One other perspective on the brain and its role in emotions can be seen through seeing the brain from an evolutionary perspective. Dr Paul McLean suggests that the human brain is in fact made up of three interconnected biological computers. Each has its own special intelligence and other functions. The view of the brain from this perspective is closely related to the view of the three areas of the brain described earlier.
Throughout its evolution, the human brain has developed into an increasingly sophisticated machine. Despite that, we have retained some elements of the brains of our distant ancestors. According to this model, evolution has simply added new subbrains to the pre-existing ones. (See diagram to the right) This theory is based partly on the sequence of appearance of these layers in the development of the human embryo. It also suggests that this seqence mimics the appearance of these structures in our evolutionary history.
These are :
1. the archipallium or primitive (reptilian) brain. This includes the structures of the medulla, pons, cerebellum and the olfactory (smell) bulbs.
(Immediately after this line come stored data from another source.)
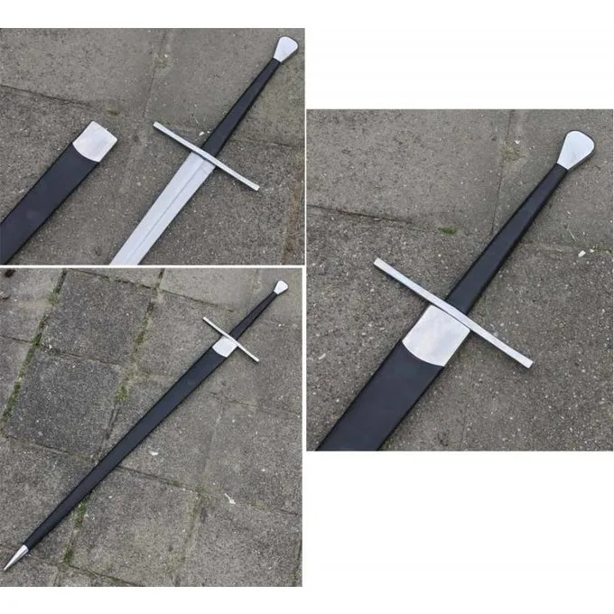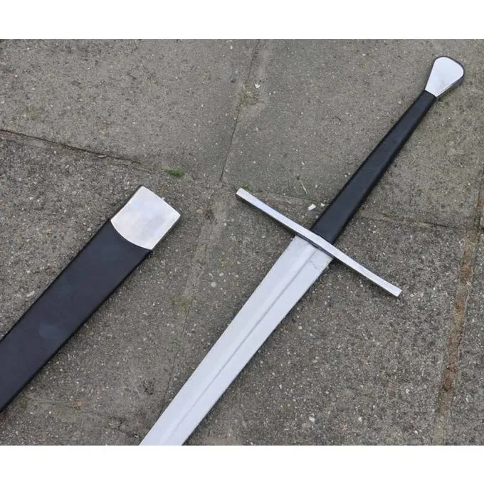 Dieses Anderthalbhänder bietet eine gute Kombination von Gewicht und Kraft. Es hat eine kurze und tiefe Hohlkehle das Schwert leichter und besser ausgeglichen zu machen. Anderthalbhänder wie diese waren vor allem beliebt im 15. Jahrhundert. Es hat einen Typ T (Duft Stopper) Knauf, die vor allem in Deutschland verwendet wurde.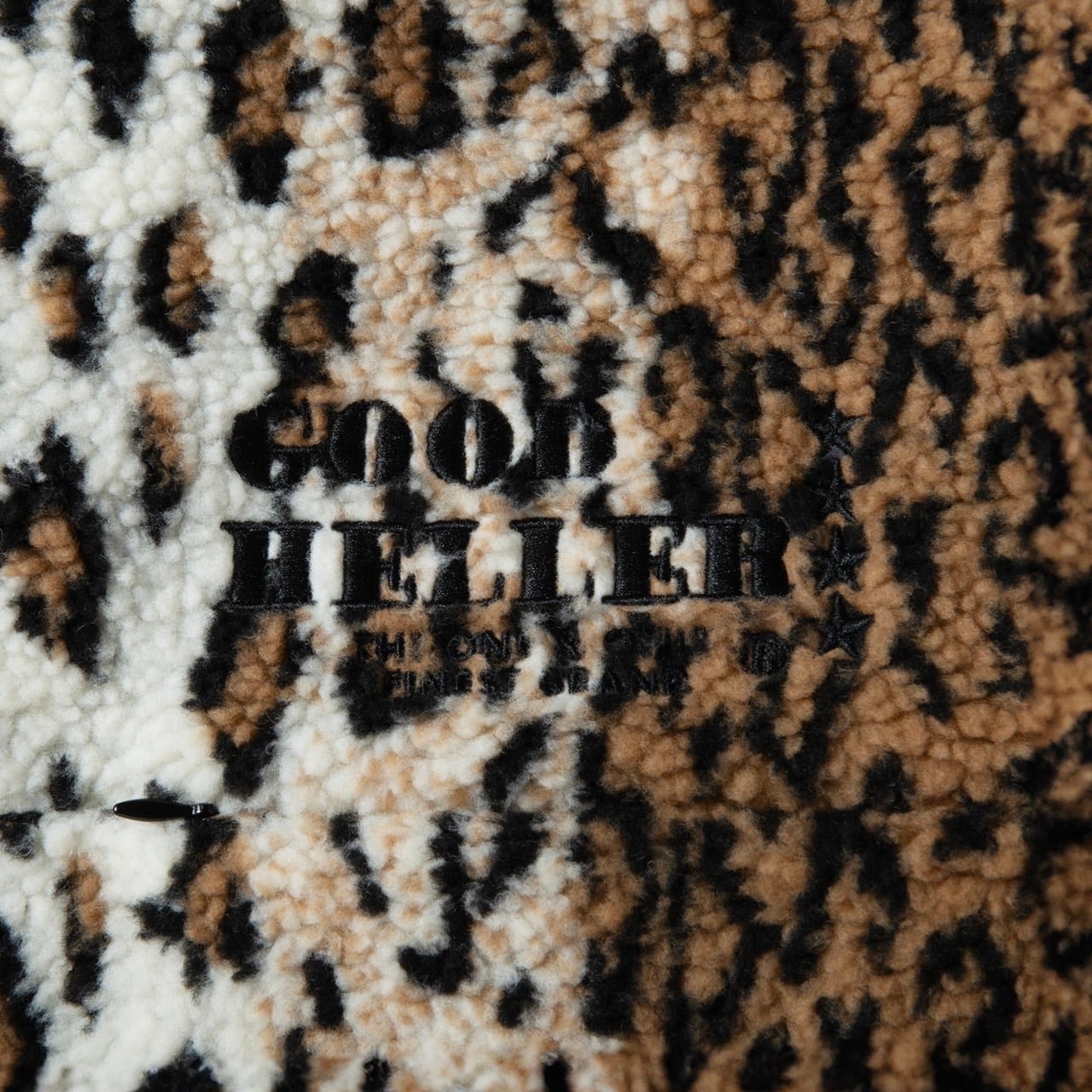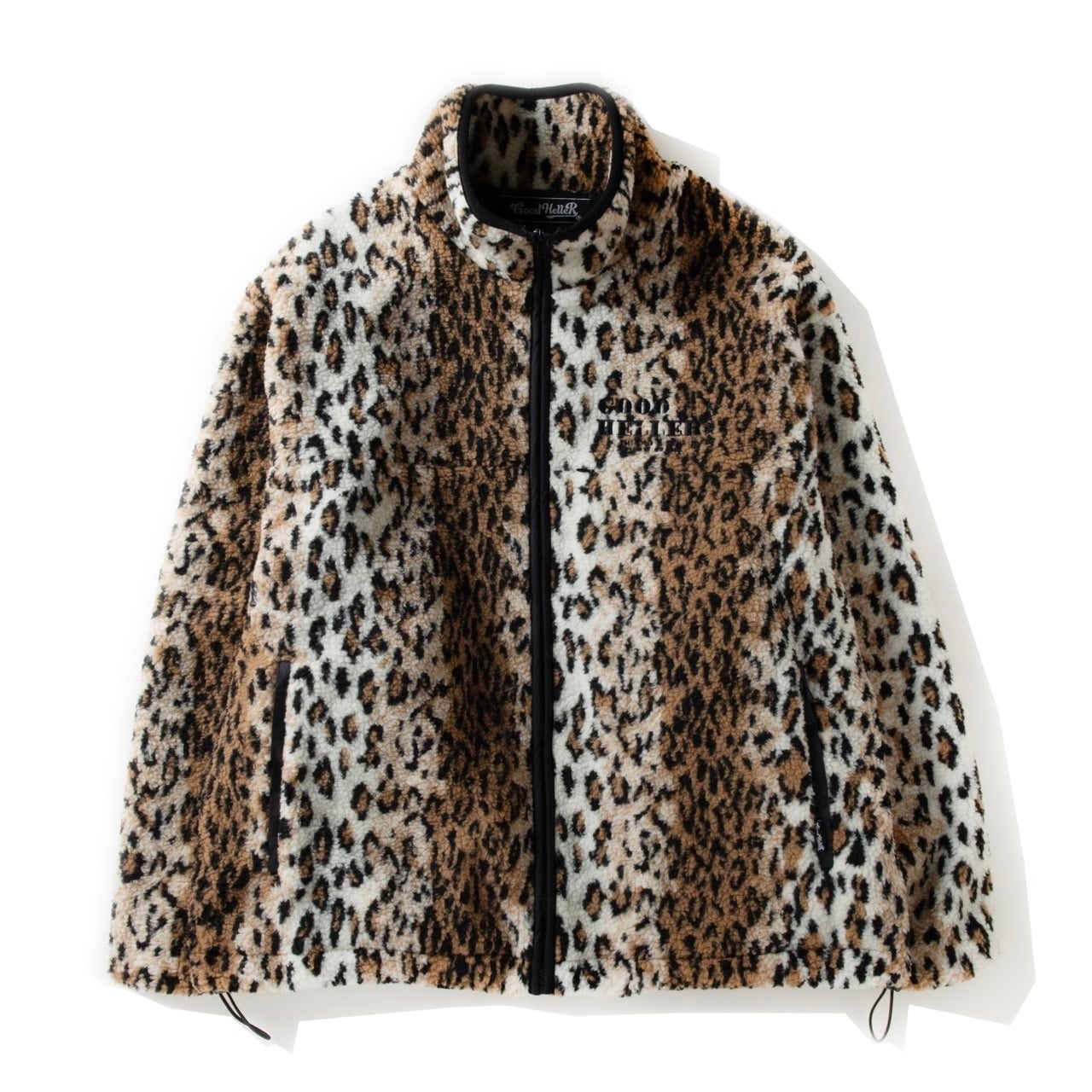肉厚でボリューム感のあるボアフリースに裏地はナイロン地を使用することで、着易くまた風の通りをシャットアウトしております。また、フロント胸部分を切替えし、左胸にジップポケット、さらに胸上にはブランドロゴを刺繍しております。シンプルながら存在感のある仕上がりとなっております。またもう一色は派手過ぎないレオパード柄をチョイスし、カジュアルでインパクトある一枚となります。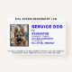 Service Dog - Easily identify your dog as a working service dog, while keeping your dog focused and cut down on distractions while working with one of these k9 service dog id badges. Although not required, a Service Dog ID badge gives you and your service dog peace of mind and ease of travel without hassles and questions when seeking public access. COPYRIGHT © 2020 Judy Burrows, Black Dog Art - All Rights Reserved. Custom Photo Service Dog ID Badge
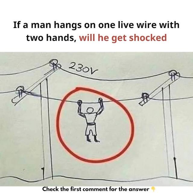Have you ever wondered what happens if a person hangs on a live electrical wire? Will they get shocked? This intriguing question combines physics and safety, making it a perfect brain teaser. Before reading further, take a moment to consider: What’s your answer? Comment below to share your thoughts before diving into the explanation!

This corresponds to the R-complex. It is responsible for self preservation and includes the mechanisms for aggression.
2. The paleopallium or intermediate (old mammalian) brain comprising the stuctures of the limbic system. It corresponds to the brain of inferior animals.
3. The neopallium also known as the superior or rational brain. It comprises the cortex and some subcortical groups. It corresponds to the brain of superior animals including the primates and humans.